Aim of the exercise:
Print the listing below again, exactly. Skip the pictures.

- - - - -

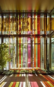 Особенно актуально, если сторона солнечная, то оклейка пленкой витражных расцветок, наполнит офис душевным теплом, хорошим настроением, и благодаря солнцезащитной функции, витражная пленка не даст сильно нагреваться предметам, внутри помещения.
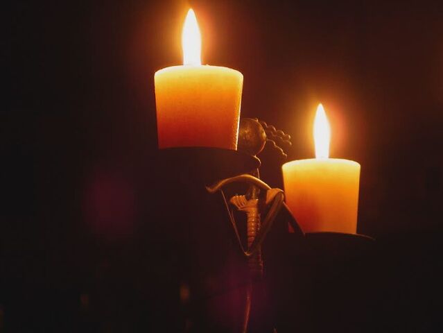 С двумя зажженными свечами Александр зашел в темную
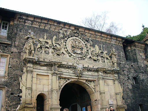 Das Tor ist triumphbogenartig gerahmt, die pompöse
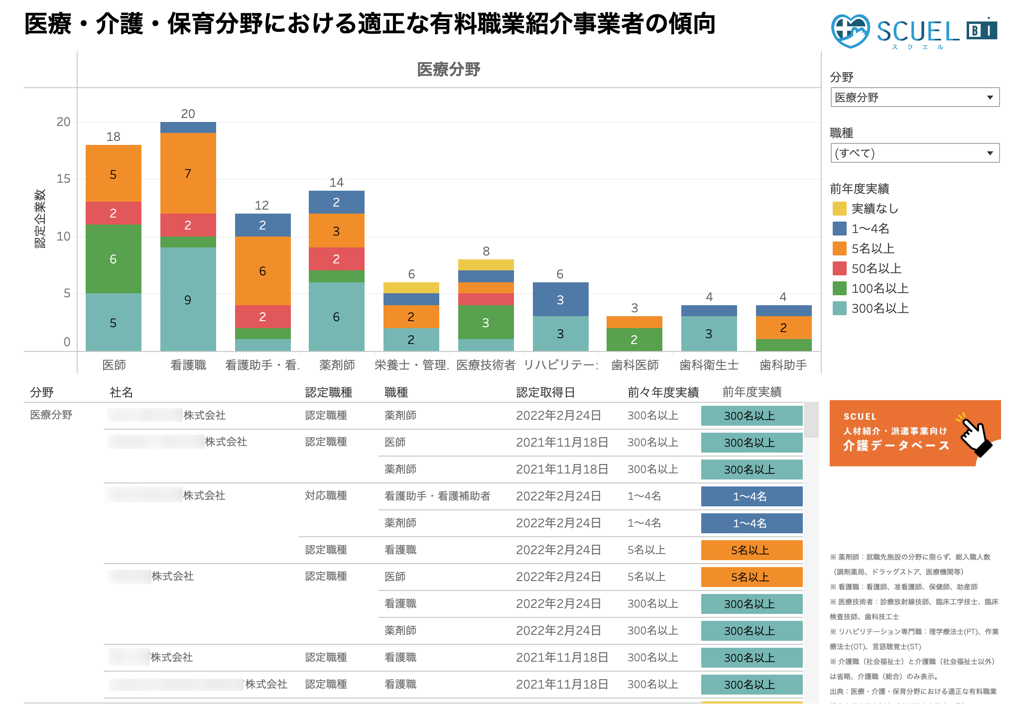 医療・介護・保育分野における「適正な有料職業紹介事業者」は全事業者の約3〜9%。認定事業者49社の情報を調査した結果を医療機関・介護事業者向けに無償公開。
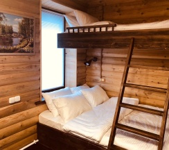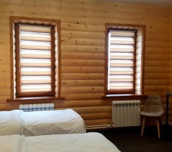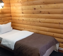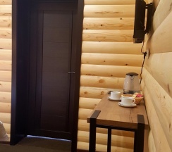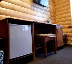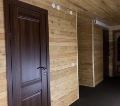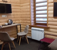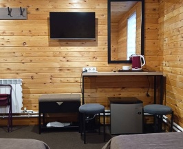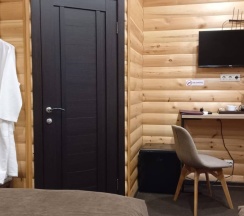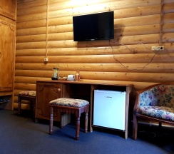 Гостиничные номера со всеми удобствами отделаны материалами хвойных пород деревьев.
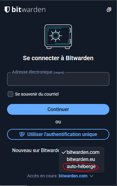 Cliquez sur l’icône de l’extension. Lors de la première connexion, cliquez en bas sur “bitwarden.com” puis sélectionnez “Auto-hébergé”.
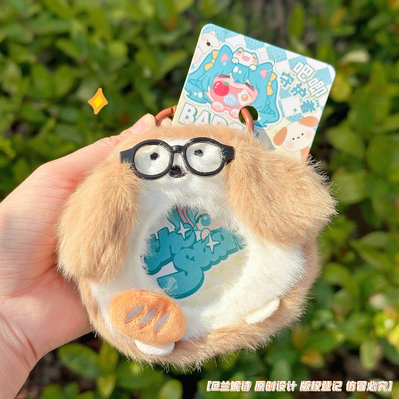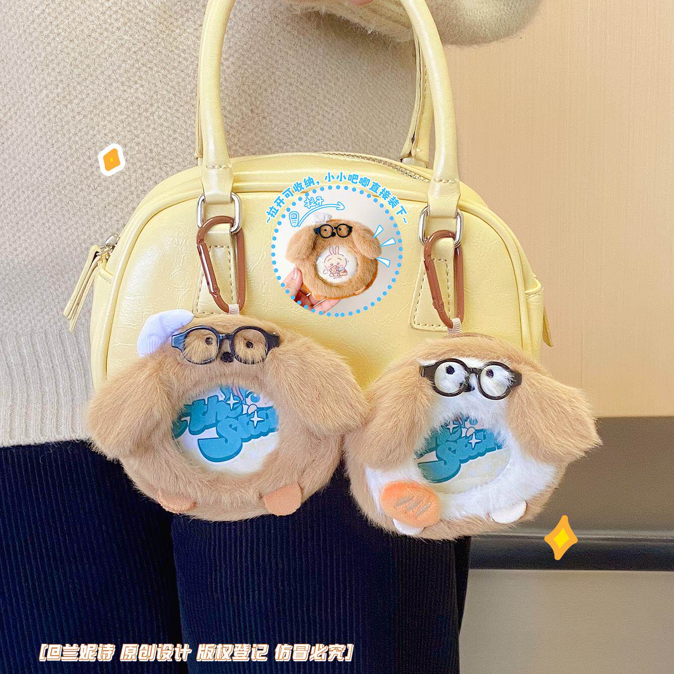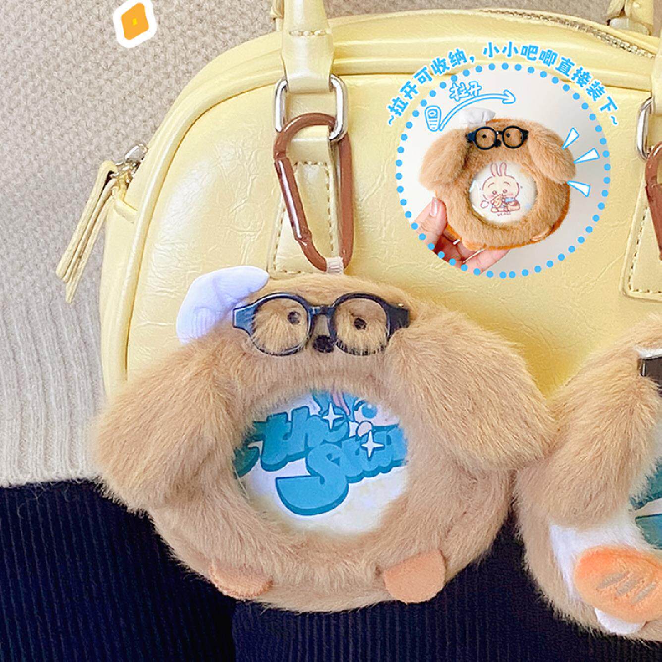 淘宝眼镜修狗毛绒吧唧包创意零钱包卡通儿童背包挂件透明徽章收纳套
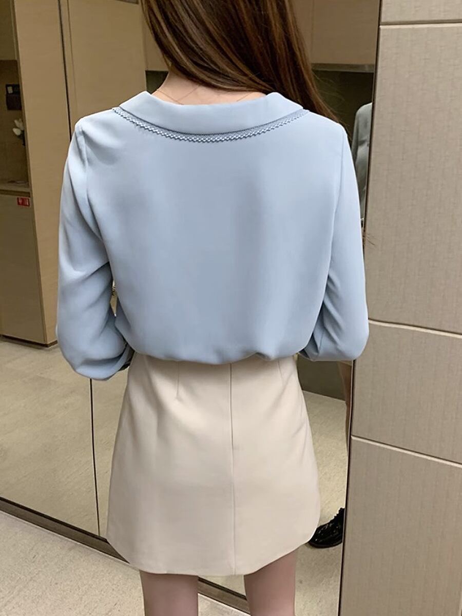 全2色 パールボタンシャツブラウス シャツ ブラウス 飾りボタン 長袖 ボリューム袖 ふんわり袖 パフスリーブ 襟 丸襟 縁飾り 萌袖 シフォン オフィスコーデ かわいい 大人可愛い きれいめ シンプル カジュアル 上品 おしゃれ かっこいい レトロ こなれ感 ラブリー キュート 個性的 モード系 エレガント モダン 主役級 存在感 抜け感 レディース OL お出かけ 女子会 韓国コーデ 韓国ファション 青 ブルー ホワイト 白
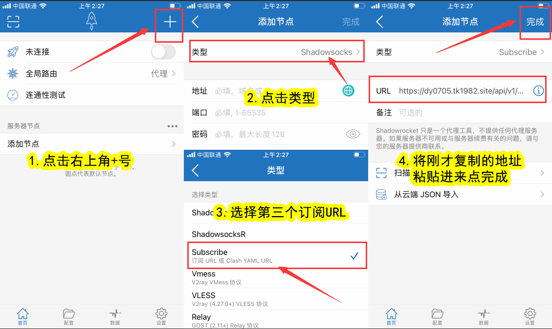 打开小火箭首页右上角+号 - 类型选择第三个订阅URL - 将刚才复制的链接粘贴进来-点击右上角完成
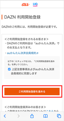My auでDAZNへお申し込み後、DAZN会員登録時に、既にご利用中のDAZNアカウントでログインしてください。
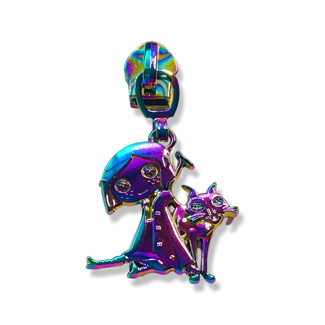 Zipper Pull, Coraline, Button Girl and Cat, Rainbow
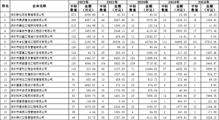近五年在深圳市建筑業(yè)市場(chǎng)活躍的企業(yè)中標(biāo)情況分析如下:
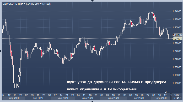Фунт упал до двухмесячного минимума по отношению к доллару во вторник в преддверии введения нового набора ограничений на передвижения граждан премьер-министром Великобритании Борисом Джонсоном для борьбы со второй волной вспышки коронавируса.

- - - - -

Result of the exercise:
 Особенно актуально, если сторона солнечная, то оклейка пленкой витражных расцветок, наполнит офис душевным теплом, хорошим настроением, и благодаря солнцезащитной функции, витражная пленка не даст сильно нагреваться предметам, внутри помещения.
 С двумя зажженными свечами Александр зашел в темную
 Das Tor ist triumphbogenartig gerahmt, die pompöse
 医療・介護・保育分野における「適正な有料職業紹介事業者」は全事業者の約3〜9%。認定事業者49社の情報を調査した結果を医療機関・介護事業者向けに無償公開。
 Гостиничные номера со всеми удобствами отделаны материалами хвойных пород деревьев.
 Cliquez sur l’icône de l’extension. Lors de la première connexion, cliquez en bas sur “bitwarden.com” puis sélectionnez “Auto-hébergé”.
 淘宝眼镜修狗毛绒吧唧包创意零钱包卡通儿童背包挂件透明徽章收纳套
 全2色 パールボタンシャツブラウス シャツ ブラウス 飾りボタン 長袖 ボリューム袖 ふんわり袖 パフスリーブ 襟 丸襟 縁飾り 萌袖 シフォン オフィスコーデ かわいい 大人可愛い きれいめ シンプル カジュアル 上品 おしゃれ かっこいい レトロ こなれ感 ラブリー キュート 個性的 モード系 エレガント モダン 主役級 存在感 抜け感 レディース OL お出かけ 女子会 韓国コーデ 韓国ファション 青 ブルー ホワイト 白
 打开小火箭首页右上角+号 - 类型选择第三个订阅URL - 将刚才复制的链接粘贴进来-点击右上角完成
My auでDAZNへお申し込み後、DAZN会員登録時に、既にご利用中のDAZNアカウントでログインしてください。
 Zipper Pull, Coraline, Button Girl and Cat, Rainbow
近五年在深圳市建筑業(yè)市場(chǎng)活躍的企業(yè)中標(biāo)情況分析如下:
Фунт упал до двухмесячного минимума по отношению к доллару во вторник в преддверии введения нового набора ограничений на передвижения граждан премьер-министром Великобритании Борисом Джонсоном для борьбы со второй волной вспышки коронавируса.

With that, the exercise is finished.